Stored entries
■ ■ ■ ■
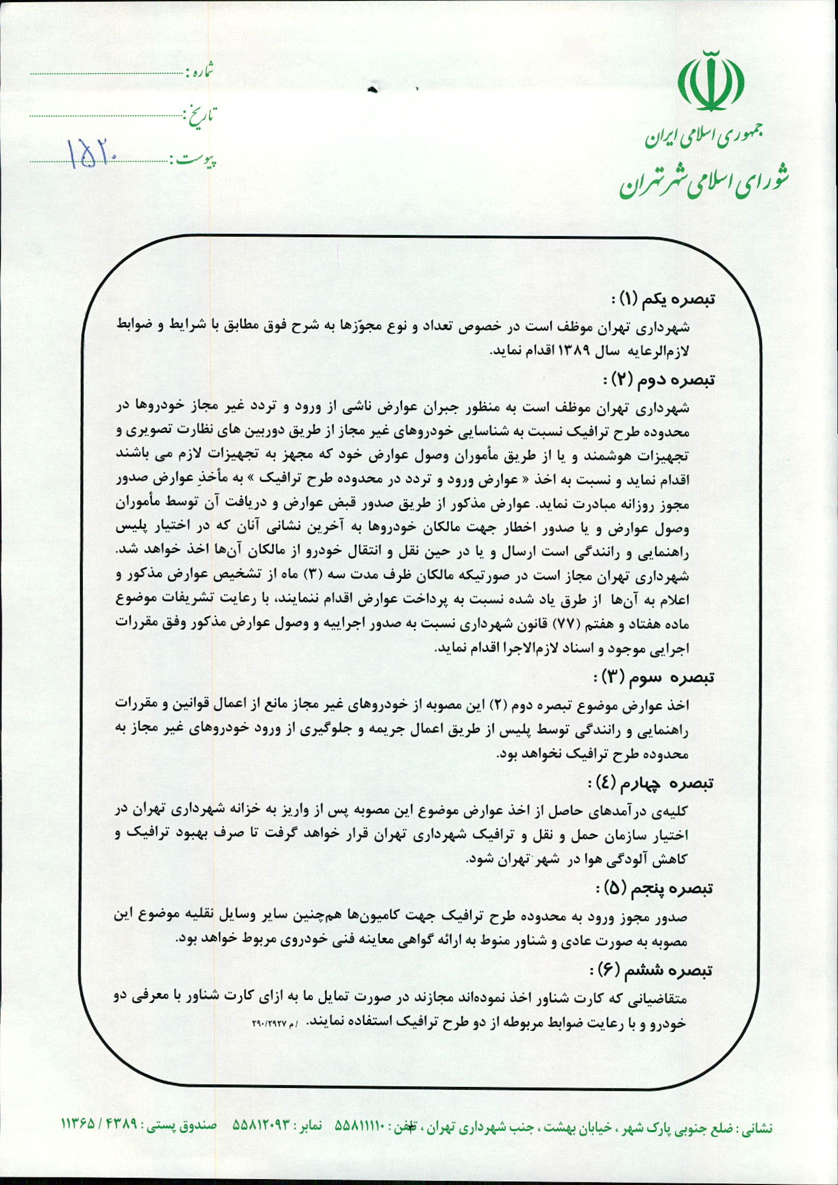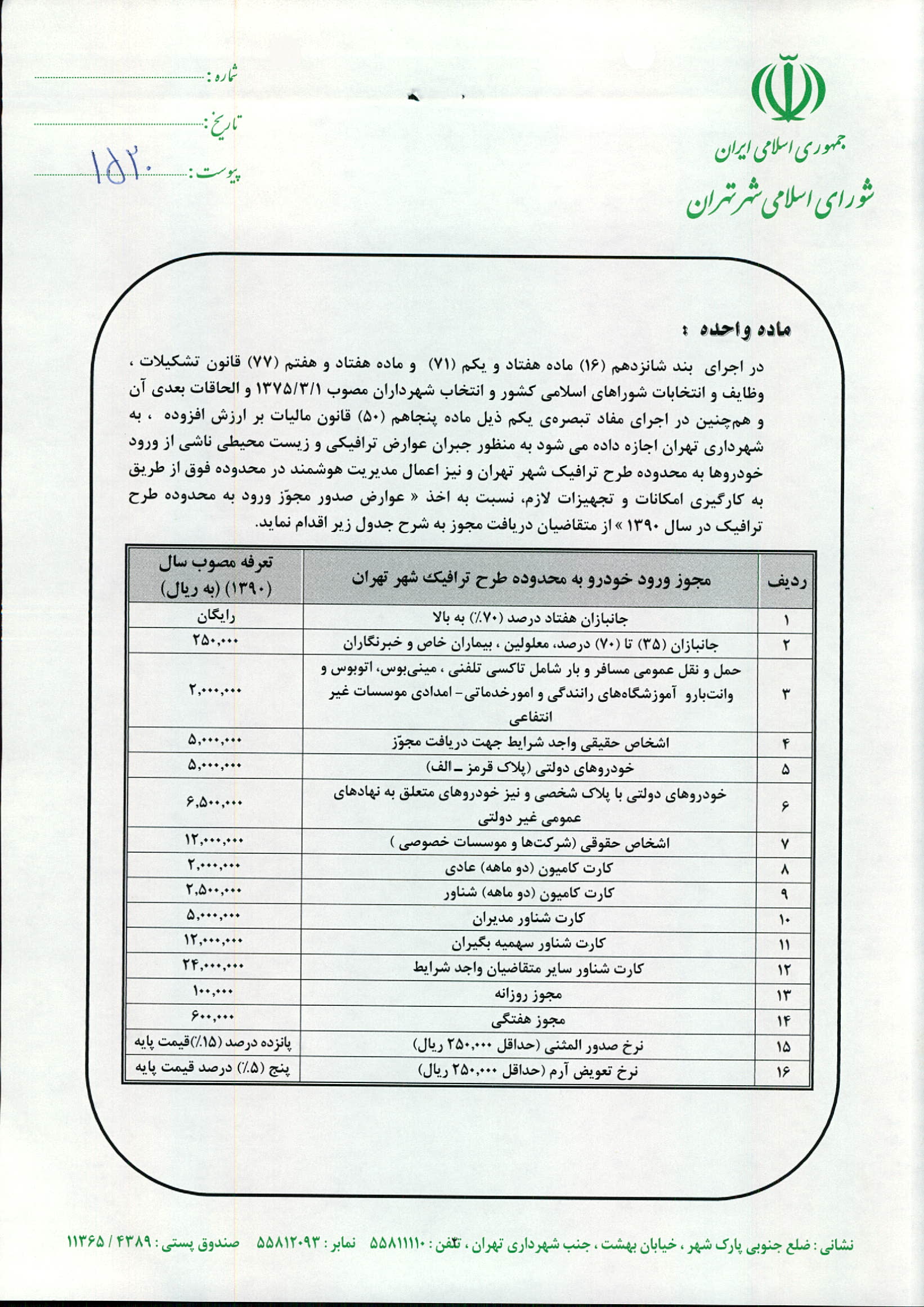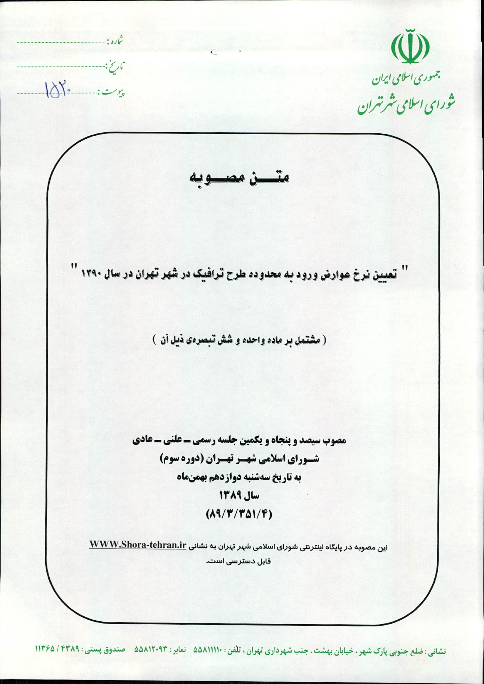تعيين نرخ عوارض ورود به محدوده طرح ترافيك در شهر تهران در سال 1390
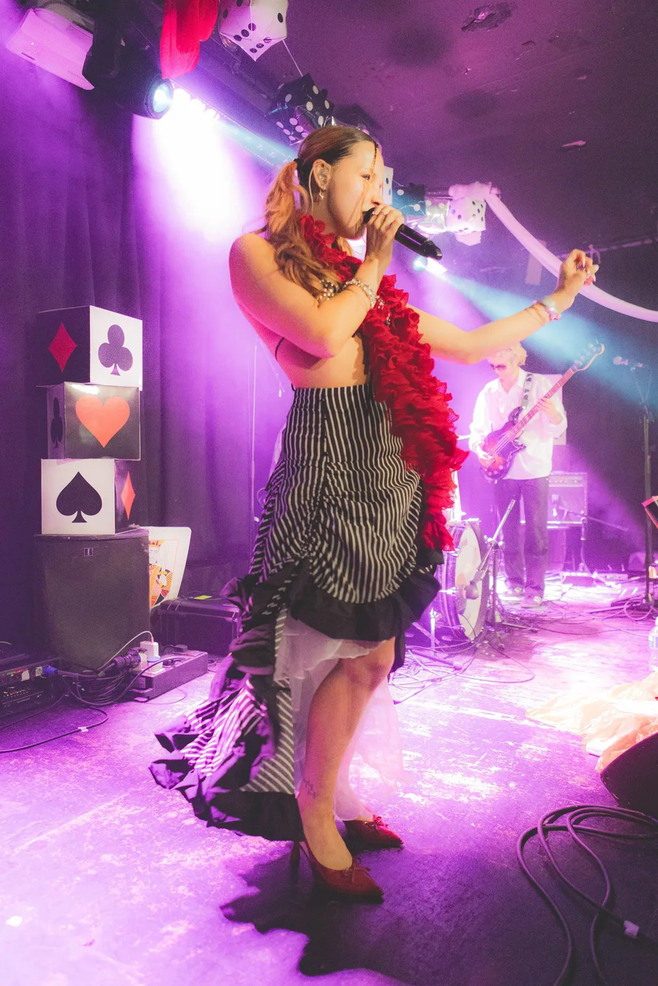 There's not a single space to move when piri & tommy take the stage. What follows is the feel-good pop-dance party of the year. Decked in ribbons, dice cubes and playing card blocks, the hands they pull are constant. Early runs through 'yoyo' see hands in the air miming the chorus, followed by a sizzling cover of dance classic 'LK (It Is The Way)' in homage to collaborator DJ Marky. Tonight, piri & tommy are back to seize their crown as the dance-pop breakthrough favourite. As a Thursday night vibe, it's immaculate. 'Dog', introduced as one of piri's favourite tracks, bounces with playful energy whilst 'updown' sees crowds letting loose. It's part late-night club and part jaw-dropping gig.
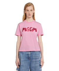 Cotton crewneck t-shirt with new MSGM brushed logo
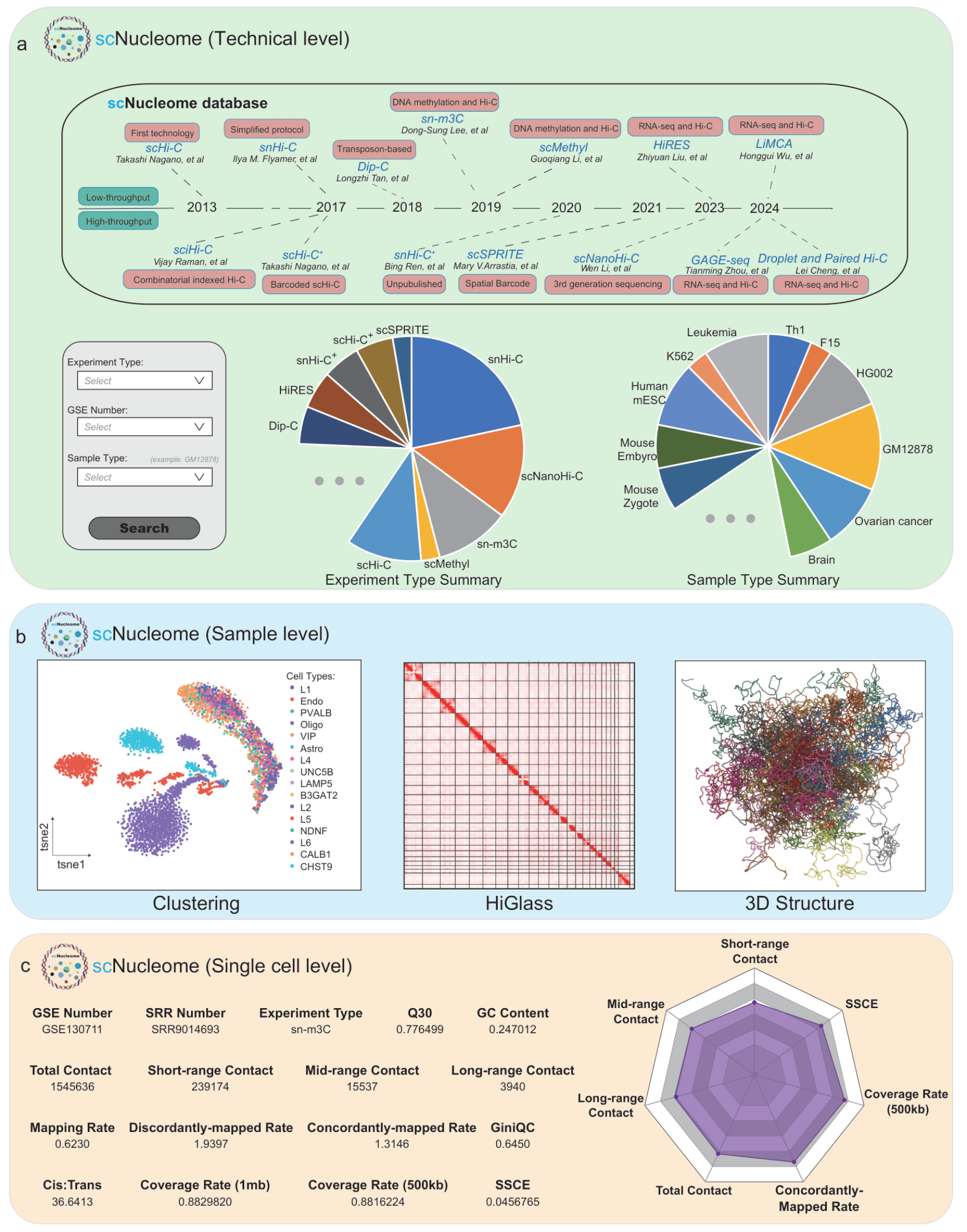 进一步地,作者构建了统一处理的单细胞三维基因组资源库 scNucleome。该数据库整合了多物种、多组织来源的 sc3DG-seq 数据,所有数据均通过 STARK 框架进行标准化分析,从而实现了跨技术、跨实验条件的直接比较。scNucleome 为单细胞三维基因组结构的系统研究、方法开发以及机器学习和大模型训练提供了高质量的数据基础。
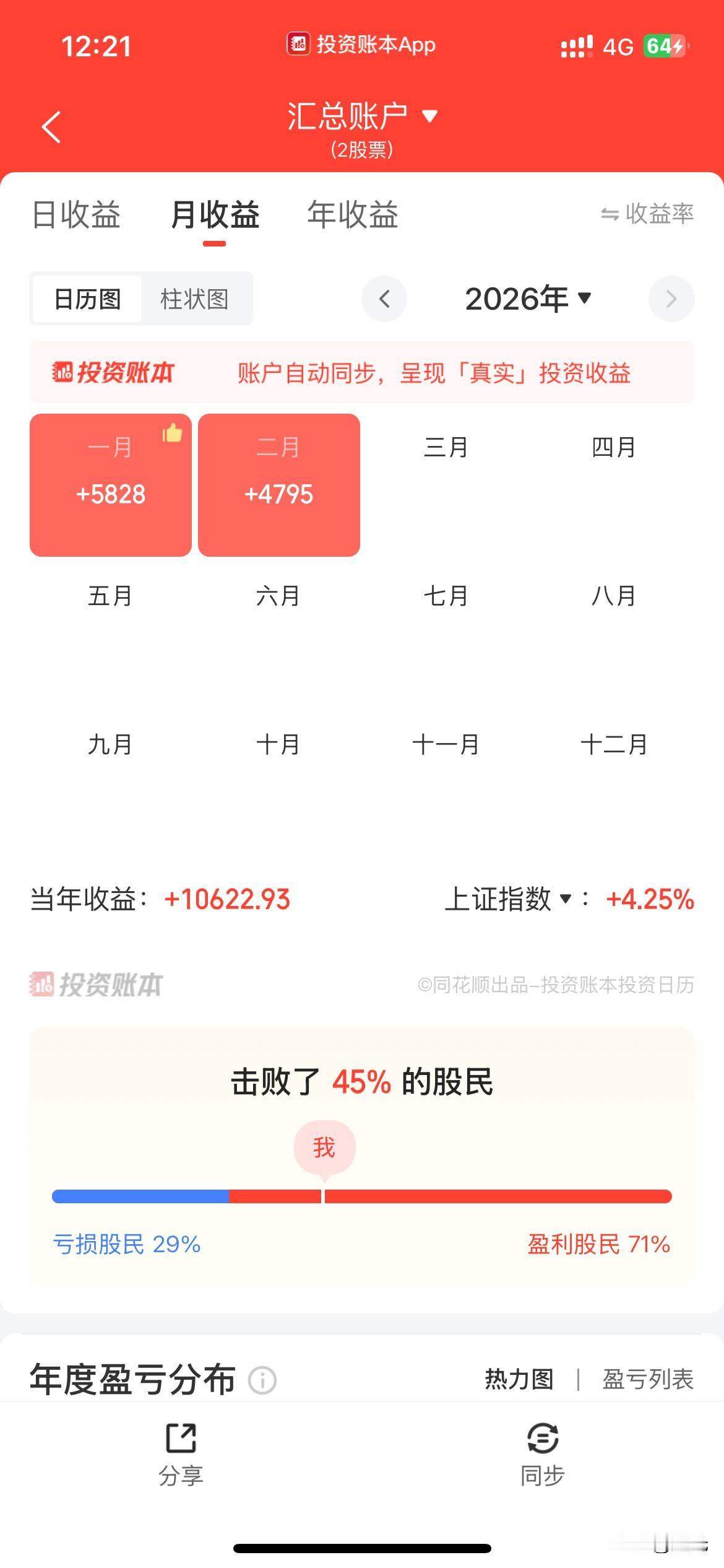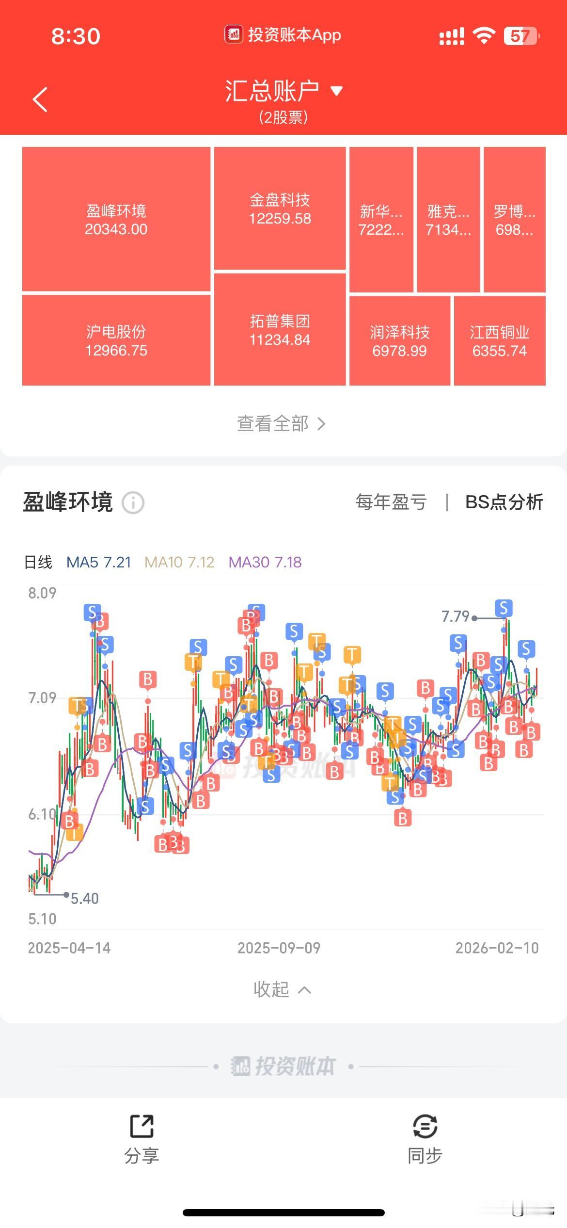 距离春节越来越近了,股市也是感觉到春节的气氛,交投清淡[呲牙]。最近也没有什么主线,杂乱无章。我还是坚守自己的认知,做点熟悉的股票,收缩防线。目前主要以金盘和盈峰为核心做点高抛低吸。另外做点低位超短线品种。仓位在16.8%。今天高位抛了200股金盘,清了华友。盈峰挂了2000股7.38的卖单,目前没有成交。今年依然保持每月都是盈利状态。 我看了下历年数据。盈利最高的股票竟然是不涨横盘很久的盈峰,过2万了,看来高抛低吸也是可以赚钱的,不过一定要有非凡的耐心才行。
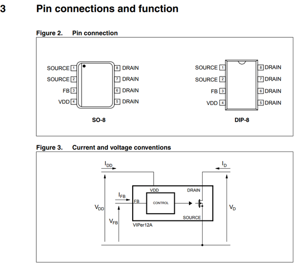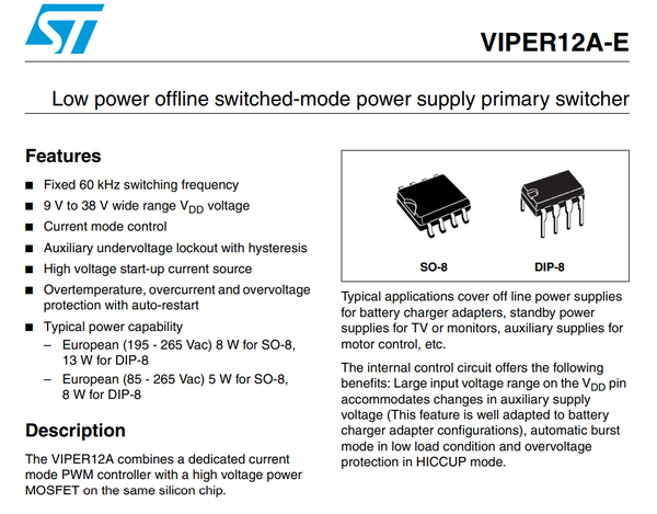 IC nguồn Viper12A có hai dạng đóng gói 8 chân là VIPER12A SOP-8 và Viper12A DIP-8. Công suất từ dao động 8W - 13W tùy dải điện áp.
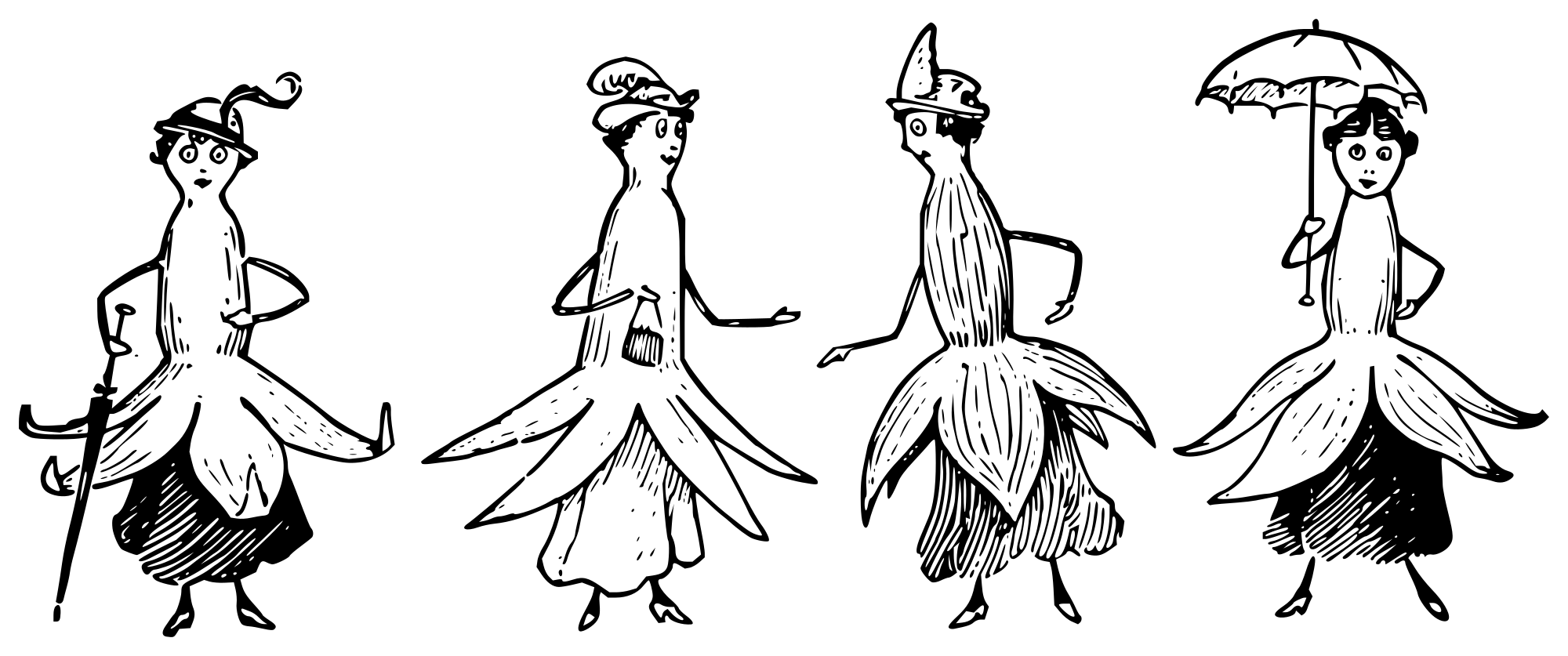 Image of fuchsia flower ladies from E. G. Lutz book "Drawing made easy", © 1921, page 37. Available at https://archive.org/details/drawingmadeeasyh00lutz/page/36/mode/2up
■ ■ ■ ■
> Directions for this task:
Nothing is needed beyond an exact transcription of the lines from the one containing "IC nguồn Viper12A" to the end of the entries above, with the pictures omitted.

> Task response:
 IC nguồn Viper12A có hai dạng đóng gói 8 chân là VIPER12A SOP-8 và Viper12A DIP-8. Công suất từ dao động 8W - 13W tùy dải điện áp.
 Image of fuchsia flower ladies from E. G. Lutz book "Drawing made easy", © 1921, page 37. Available at https://archive.org/details/drawingmadeeasyh00lutz/page/36/mode/2up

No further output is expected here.